━━━ Exercise materials ━━━
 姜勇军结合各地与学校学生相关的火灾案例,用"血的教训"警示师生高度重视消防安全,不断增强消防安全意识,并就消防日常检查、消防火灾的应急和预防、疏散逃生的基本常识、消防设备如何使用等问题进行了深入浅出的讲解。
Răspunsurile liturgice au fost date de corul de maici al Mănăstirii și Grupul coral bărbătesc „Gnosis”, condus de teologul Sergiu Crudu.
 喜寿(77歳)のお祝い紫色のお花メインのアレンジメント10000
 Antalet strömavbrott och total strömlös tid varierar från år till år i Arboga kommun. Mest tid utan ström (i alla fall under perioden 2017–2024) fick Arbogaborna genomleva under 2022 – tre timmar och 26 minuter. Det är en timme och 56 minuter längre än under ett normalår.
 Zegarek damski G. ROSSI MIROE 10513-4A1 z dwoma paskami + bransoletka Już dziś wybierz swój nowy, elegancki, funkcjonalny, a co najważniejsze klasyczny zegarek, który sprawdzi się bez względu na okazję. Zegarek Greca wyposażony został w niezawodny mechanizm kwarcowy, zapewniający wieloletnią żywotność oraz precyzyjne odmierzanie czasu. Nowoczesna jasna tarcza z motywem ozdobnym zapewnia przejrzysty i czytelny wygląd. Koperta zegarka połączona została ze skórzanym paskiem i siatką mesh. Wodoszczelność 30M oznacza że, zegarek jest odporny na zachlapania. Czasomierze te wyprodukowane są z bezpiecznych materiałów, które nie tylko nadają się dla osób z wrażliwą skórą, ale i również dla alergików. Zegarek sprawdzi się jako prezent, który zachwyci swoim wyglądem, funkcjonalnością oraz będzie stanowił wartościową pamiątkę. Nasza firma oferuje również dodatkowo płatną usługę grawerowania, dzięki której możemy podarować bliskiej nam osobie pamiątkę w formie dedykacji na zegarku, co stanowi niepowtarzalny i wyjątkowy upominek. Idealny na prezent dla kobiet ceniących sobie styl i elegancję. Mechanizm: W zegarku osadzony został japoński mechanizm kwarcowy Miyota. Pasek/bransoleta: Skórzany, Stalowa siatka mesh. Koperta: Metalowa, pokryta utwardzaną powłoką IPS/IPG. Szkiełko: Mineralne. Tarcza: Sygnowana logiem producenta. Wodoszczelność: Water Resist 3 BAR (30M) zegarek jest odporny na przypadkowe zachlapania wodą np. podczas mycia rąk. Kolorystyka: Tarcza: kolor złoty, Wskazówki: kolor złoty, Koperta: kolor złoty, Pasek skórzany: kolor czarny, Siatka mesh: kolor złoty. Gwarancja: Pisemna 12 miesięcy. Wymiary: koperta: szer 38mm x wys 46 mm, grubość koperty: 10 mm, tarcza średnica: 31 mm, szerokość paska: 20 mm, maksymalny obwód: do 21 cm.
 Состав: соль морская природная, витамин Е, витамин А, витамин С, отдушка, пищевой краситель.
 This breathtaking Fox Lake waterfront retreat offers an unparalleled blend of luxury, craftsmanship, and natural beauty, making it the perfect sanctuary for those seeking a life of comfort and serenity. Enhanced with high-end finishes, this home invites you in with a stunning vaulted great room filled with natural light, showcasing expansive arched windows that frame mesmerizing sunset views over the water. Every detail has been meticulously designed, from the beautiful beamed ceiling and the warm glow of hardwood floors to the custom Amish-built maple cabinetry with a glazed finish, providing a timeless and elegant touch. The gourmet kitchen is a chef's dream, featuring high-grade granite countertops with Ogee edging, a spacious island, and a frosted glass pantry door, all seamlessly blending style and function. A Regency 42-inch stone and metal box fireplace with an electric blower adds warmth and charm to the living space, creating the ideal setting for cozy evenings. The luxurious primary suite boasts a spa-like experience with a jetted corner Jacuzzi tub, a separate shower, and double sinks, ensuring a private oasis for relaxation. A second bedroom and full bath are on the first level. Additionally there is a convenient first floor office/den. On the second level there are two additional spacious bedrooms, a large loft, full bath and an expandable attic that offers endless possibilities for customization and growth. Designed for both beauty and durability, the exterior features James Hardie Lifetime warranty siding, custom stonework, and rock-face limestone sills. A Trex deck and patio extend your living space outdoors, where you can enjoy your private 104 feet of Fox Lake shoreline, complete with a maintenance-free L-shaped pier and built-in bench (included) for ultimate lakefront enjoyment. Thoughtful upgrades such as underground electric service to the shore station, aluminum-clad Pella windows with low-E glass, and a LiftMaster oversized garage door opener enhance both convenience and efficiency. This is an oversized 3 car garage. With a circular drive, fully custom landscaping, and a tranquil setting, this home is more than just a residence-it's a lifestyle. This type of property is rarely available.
━━━
### Work task
Please output the material above exactly as it reads.

### Response for this exercise
 姜勇军结合各地与学校学生相关的火灾案例,用"血的教训"警示师生高度重视消防安全,不断增强消防安全意识,并就消防日常检查、消防火灾的应急和预防、疏散逃生的基本常识、消防设备如何使用等问题进行了深入浅出的讲解。
Răspunsurile liturgice au fost date de corul de maici al Mănăstirii și Grupul coral bărbătesc „Gnosis”, condus de teologul Sergiu Crudu.
 喜寿(77歳)のお祝い紫色のお花メインのアレンジメント10000
 Antalet strömavbrott och total strömlös tid varierar från år till år i Arboga kommun. Mest tid utan ström (i alla fall under perioden 2017–2024) fick Arbogaborna genomleva under 2022 – tre timmar och 26 minuter. Det är en timme och 56 minuter längre än under ett normalår.
 Zegarek damski G. ROSSI MIROE 10513-4A1 z dwoma paskami + bransoletka Już dziś wybierz swój nowy, elegancki, funkcjonalny, a co najważniejsze klasyczny zegarek, który sprawdzi się bez względu na okazję. Zegarek Greca wyposażony został w niezawodny mechanizm kwarcowy, zapewniający wieloletnią żywotność oraz precyzyjne odmierzanie czasu. Nowoczesna jasna tarcza z motywem ozdobnym zapewnia przejrzysty i czytelny wygląd. Koperta zegarka połączona została ze skórzanym paskiem i siatką mesh. Wodoszczelność 30M oznacza że, zegarek jest odporny na zachlapania. Czasomierze te wyprodukowane są z bezpiecznych materiałów, które nie tylko nadają się dla osób z wrażliwą skórą, ale i również dla alergików. Zegarek sprawdzi się jako prezent, który zachwyci swoim wyglądem, funkcjonalnością oraz będzie stanowił wartościową pamiątkę. Nasza firma oferuje również dodatkowo płatną usługę grawerowania, dzięki której możemy podarować bliskiej nam osobie pamiątkę w formie dedykacji na zegarku, co stanowi niepowtarzalny i wyjątkowy upominek. Idealny na prezent dla kobiet ceniących sobie styl i elegancję. Mechanizm: W zegarku osadzony został japoński mechanizm kwarcowy Miyota. Pasek/bransoleta: Skórzany, Stalowa siatka mesh. Koperta: Metalowa, pokryta utwardzaną powłoką IPS/IPG. Szkiełko: Mineralne. Tarcza: Sygnowana logiem producenta. Wodoszczelność: Water Resist 3 BAR (30M) zegarek jest odporny na przypadkowe zachlapania wodą np. podczas mycia rąk. Kolorystyka: Tarcza: kolor złoty, Wskazówki: kolor złoty, Koperta: kolor złoty, Pasek skórzany: kolor czarny, Siatka mesh: kolor złoty. Gwarancja: Pisemna 12 miesięcy. Wymiary: koperta: szer 38mm x wys 46 mm, grubość koperty: 10 mm, tarcza średnica: 31 mm, szerokość paska: 20 mm, maksymalny obwód: do 21 cm.
 Состав: соль морская природная, витамин Е, витамин А, витамин С, отдушка, пищевой краситель.
 This breathtaking Fox Lake waterfront retreat offers an unparalleled blend of luxury, craftsmanship, and natural beauty, making it the perfect sanctuary for those seeking a life of comfort and serenity. Enhanced with high-end finishes, this home invites you in with a stunning vaulted great room filled with natural light, showcasing expansive arched windows that frame mesmerizing sunset views over the water. Every detail has been meticulously designed, from the beautiful beamed ceiling and the warm glow of hardwood floors to the custom Amish-built maple cabinetry with a glazed finish, providing a timeless and elegant touch. The gourmet kitchen is a chef's dream, featuring high-grade granite countertops with Ogee edging, a spacious island, and a frosted glass pantry door, all seamlessly blending style and function. A Regency 42-inch stone and metal box fireplace with an electric blower adds warmth and charm to the living space, creating the ideal setting for cozy evenings. The luxurious primary suite boasts a spa-like experience with a jetted corner Jacuzzi tub, a separate shower, and double sinks, ensuring a private oasis for relaxation. A second bedroom and full bath are on the first level. Additionally there is a convenient first floor office/den. On the second level there are two additional spacious bedrooms, a large loft, full bath and an expandable attic that offers endless possibilities for customization and growth. Designed for both beauty and durability, the exterior features James Hardie Lifetime warranty siding, custom stonework, and rock-face limestone sills. A Trex deck and patio extend your living space outdoors, where you can enjoy your private 104 feet of Fox Lake shoreline, complete with a maintenance-free L-shaped pier and built-in bench (included) for ultimate lakefront enjoyment. Thoughtful upgrades such as underground electric service to the shore station, aluminum-clad Pella windows with low-E glass, and a LiftMaster oversized garage door opener enhance both convenience and efficiency. This is an oversized 3 car garage. With a circular drive, fully custom landscaping, and a tranquil setting, this home is more than just a residence-it's a lifestyle. This type of property is rarely available.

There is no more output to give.